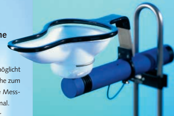
Der hygienische Metallrand des Trichters erleichtert das Reinigen.
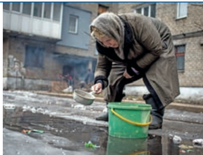
Welt der Gegensätze. In Kiew will man sich weiter von Russland distanzieren. In der besetzten Ostukraine ist die Versorgungslage der Bevölkerung am Boden.

Allerdings sind nicht alle in Russland lokalisierten Firmen so erfolgreich. „Das Thema Protektionismus beunruhigt deutsche Unternehmen nach wie vor. Schwierig sind hier vor allem nicht sachlich begründete Verbote und Einschränkungen bei Unternehmen, die schon lange in Russland lokalisiert sind“, sagt Schuchart.
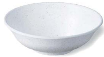
7-229-3 (30048910) ¥2,100 総白粉引 ■A
++++
__WHAT TO PRODUCE__
Restate word for word only the lines from the one with "Allerdings sind nicht" through the last line of the material, both included. Any picture should be left out.

__RESPONSE AREA__
Allerdings sind nicht alle in Russland lokalisierten Firmen so erfolgreich. „Das Thema Protektionismus beunruhigt deutsche Unternehmen nach wie vor. Schwierig sind hier vor allem nicht sachlich begründete Verbote und Einschränkungen bei Unternehmen, die schon lange in Russland lokalisiert sind“, sagt Schuchart.
7-229-3 (30048910) ¥2,100 総白粉引 ■A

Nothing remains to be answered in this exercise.